Could you give back exactly the lines below from the one with "وهذا الذي قرره" through the one with "KAOS was the", without a single picture?

◆ Recorded data:
.....

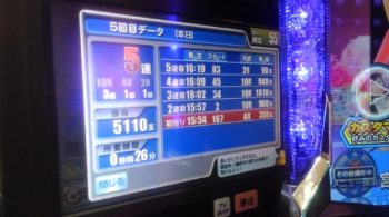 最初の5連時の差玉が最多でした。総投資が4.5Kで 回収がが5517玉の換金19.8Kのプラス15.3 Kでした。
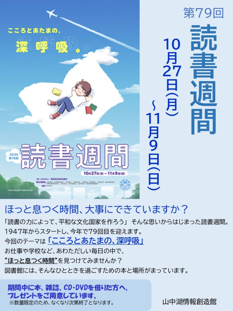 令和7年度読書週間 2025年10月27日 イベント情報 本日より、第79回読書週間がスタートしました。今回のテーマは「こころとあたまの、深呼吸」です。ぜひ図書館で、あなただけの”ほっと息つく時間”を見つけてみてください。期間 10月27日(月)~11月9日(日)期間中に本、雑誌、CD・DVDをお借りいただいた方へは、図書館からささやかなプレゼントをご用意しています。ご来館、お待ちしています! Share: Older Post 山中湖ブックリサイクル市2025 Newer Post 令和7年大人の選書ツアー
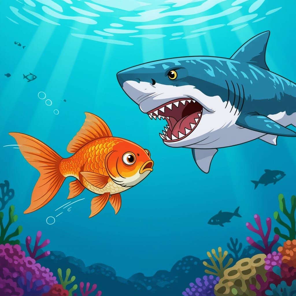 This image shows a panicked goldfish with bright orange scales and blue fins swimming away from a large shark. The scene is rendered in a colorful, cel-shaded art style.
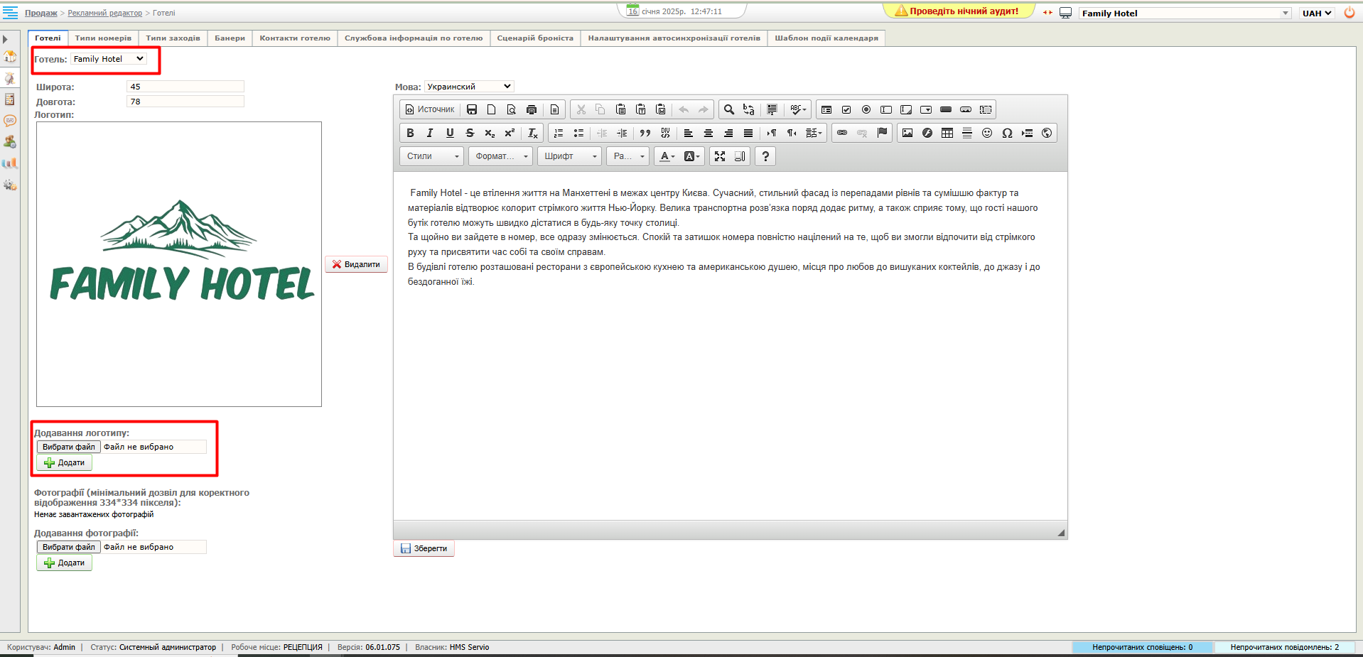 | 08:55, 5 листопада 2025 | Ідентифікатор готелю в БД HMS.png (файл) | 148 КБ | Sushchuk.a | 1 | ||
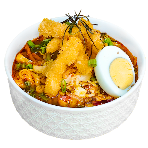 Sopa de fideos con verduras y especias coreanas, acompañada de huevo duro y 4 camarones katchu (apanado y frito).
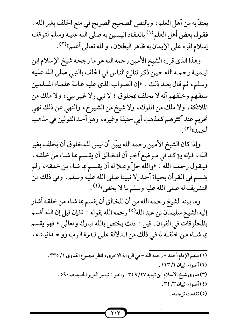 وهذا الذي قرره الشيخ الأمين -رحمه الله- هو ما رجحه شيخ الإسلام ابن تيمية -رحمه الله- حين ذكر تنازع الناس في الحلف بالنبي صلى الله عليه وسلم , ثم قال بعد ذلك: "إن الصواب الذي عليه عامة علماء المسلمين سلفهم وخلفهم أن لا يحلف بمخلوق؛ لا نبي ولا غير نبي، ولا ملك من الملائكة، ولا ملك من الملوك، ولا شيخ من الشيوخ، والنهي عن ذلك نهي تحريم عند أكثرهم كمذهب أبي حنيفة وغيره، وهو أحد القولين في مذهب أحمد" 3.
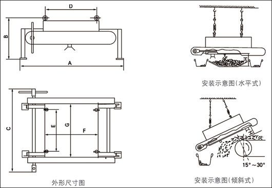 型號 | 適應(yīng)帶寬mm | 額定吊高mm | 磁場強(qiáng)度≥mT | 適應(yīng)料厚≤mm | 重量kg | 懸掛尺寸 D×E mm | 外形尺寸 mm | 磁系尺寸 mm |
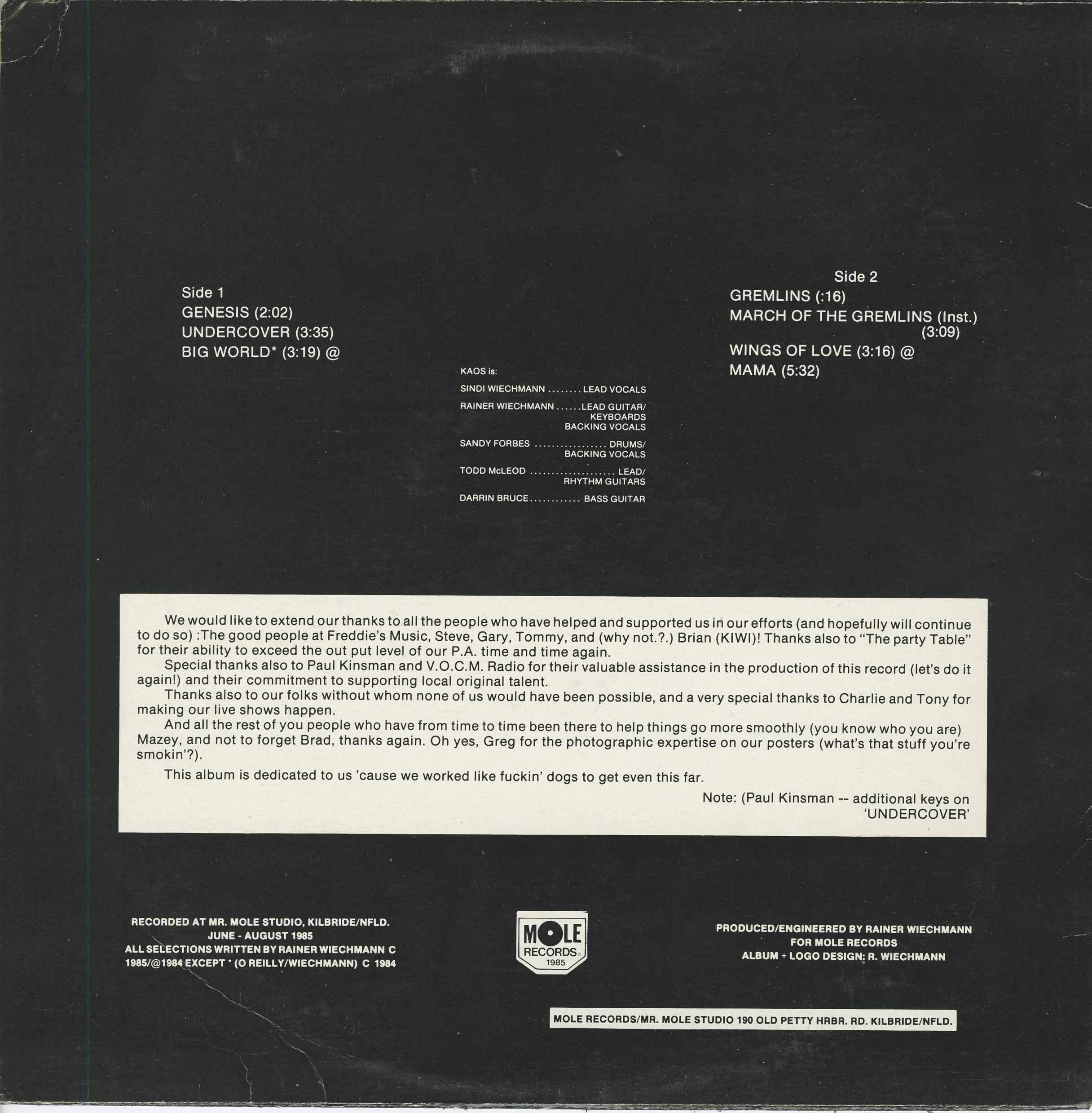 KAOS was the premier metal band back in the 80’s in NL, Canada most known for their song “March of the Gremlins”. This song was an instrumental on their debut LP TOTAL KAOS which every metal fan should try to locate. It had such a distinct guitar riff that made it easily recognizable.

.....

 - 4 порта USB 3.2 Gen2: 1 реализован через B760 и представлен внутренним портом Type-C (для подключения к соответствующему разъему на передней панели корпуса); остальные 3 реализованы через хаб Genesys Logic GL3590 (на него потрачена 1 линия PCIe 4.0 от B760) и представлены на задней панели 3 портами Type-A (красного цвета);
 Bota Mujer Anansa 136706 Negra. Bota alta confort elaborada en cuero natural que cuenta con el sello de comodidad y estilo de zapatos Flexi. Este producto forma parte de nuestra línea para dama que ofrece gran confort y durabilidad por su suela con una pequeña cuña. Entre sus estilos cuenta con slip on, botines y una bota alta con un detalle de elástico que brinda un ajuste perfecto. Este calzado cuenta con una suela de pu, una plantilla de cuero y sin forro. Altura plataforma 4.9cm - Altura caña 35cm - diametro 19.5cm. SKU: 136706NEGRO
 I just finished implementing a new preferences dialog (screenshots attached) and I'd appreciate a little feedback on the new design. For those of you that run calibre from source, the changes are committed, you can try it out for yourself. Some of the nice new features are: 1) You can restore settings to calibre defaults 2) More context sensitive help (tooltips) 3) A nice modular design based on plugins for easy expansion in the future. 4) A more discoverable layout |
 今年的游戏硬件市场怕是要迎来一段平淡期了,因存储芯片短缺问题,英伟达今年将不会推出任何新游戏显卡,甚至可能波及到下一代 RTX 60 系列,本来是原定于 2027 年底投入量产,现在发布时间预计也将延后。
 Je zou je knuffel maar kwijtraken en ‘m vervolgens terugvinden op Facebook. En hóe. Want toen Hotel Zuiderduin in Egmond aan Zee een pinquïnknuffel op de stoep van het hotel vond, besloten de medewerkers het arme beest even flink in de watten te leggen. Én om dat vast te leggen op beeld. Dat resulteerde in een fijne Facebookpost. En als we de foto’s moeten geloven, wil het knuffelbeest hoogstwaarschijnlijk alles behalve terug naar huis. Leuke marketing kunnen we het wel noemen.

.....

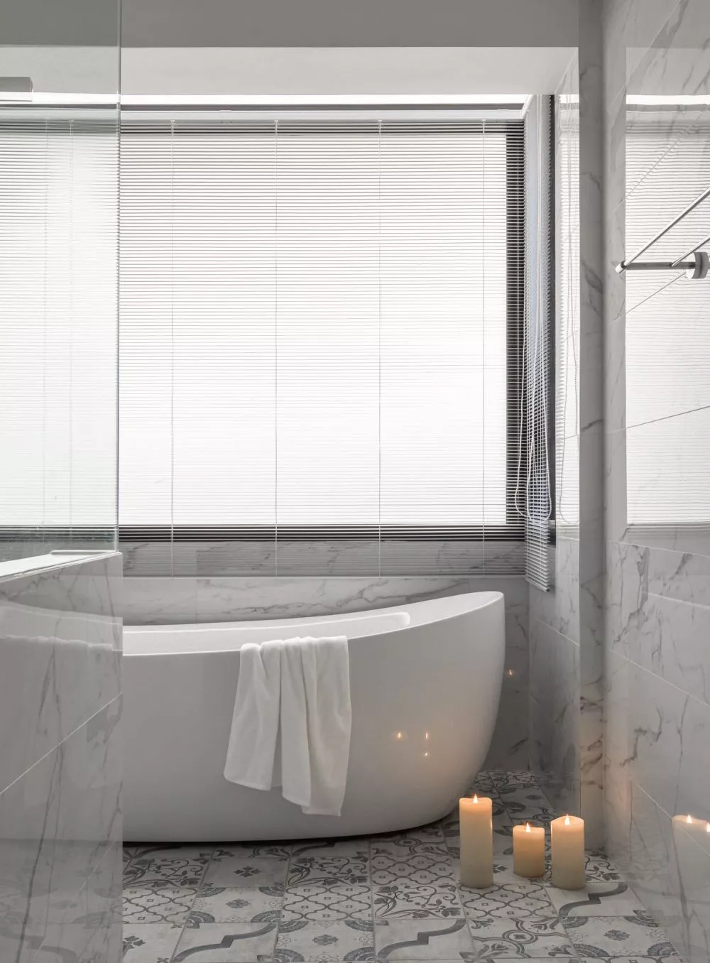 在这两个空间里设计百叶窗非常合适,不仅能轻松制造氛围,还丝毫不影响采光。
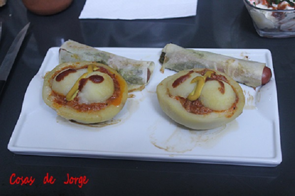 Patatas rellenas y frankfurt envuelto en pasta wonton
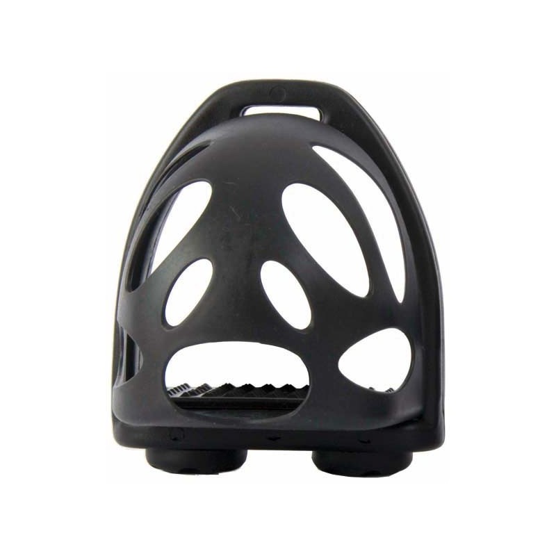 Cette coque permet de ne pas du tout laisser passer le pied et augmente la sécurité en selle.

.....

◆ Solution below:
 وهذا الذي قرره الشيخ الأمين -رحمه الله- هو ما رجحه شيخ الإسلام ابن تيمية -رحمه الله- حين ذكر تنازع الناس في الحلف بالنبي صلى الله عليه وسلم , ثم قال بعد ذلك: "إن الصواب الذي عليه عامة علماء المسلمين سلفهم وخلفهم أن لا يحلف بمخلوق؛ لا نبي ولا غير نبي، ولا ملك من الملائكة، ولا ملك من الملوك، ولا شيخ من الشيوخ، والنهي عن ذلك نهي تحريم عند أكثرهم كمذهب أبي حنيفة وغيره، وهو أحد القولين في مذهب أحمد" 3.
 型號 | 適應(yīng)帶寬mm | 額定吊高mm | 磁場強(qiáng)度≥mT | 適應(yīng)料厚≤mm | 重量kg | 懸掛尺寸 D×E mm | 外形尺寸 mm | 磁系尺寸 mm |
 KAOS was the premier metal band back in the 80’s in NL, Canada most known for their song “March of the Gremlins”. This song was an instrumental on their debut LP TOTAL KAOS which every metal fan should try to locate. It had such a distinct guitar riff that made it easily recognizable.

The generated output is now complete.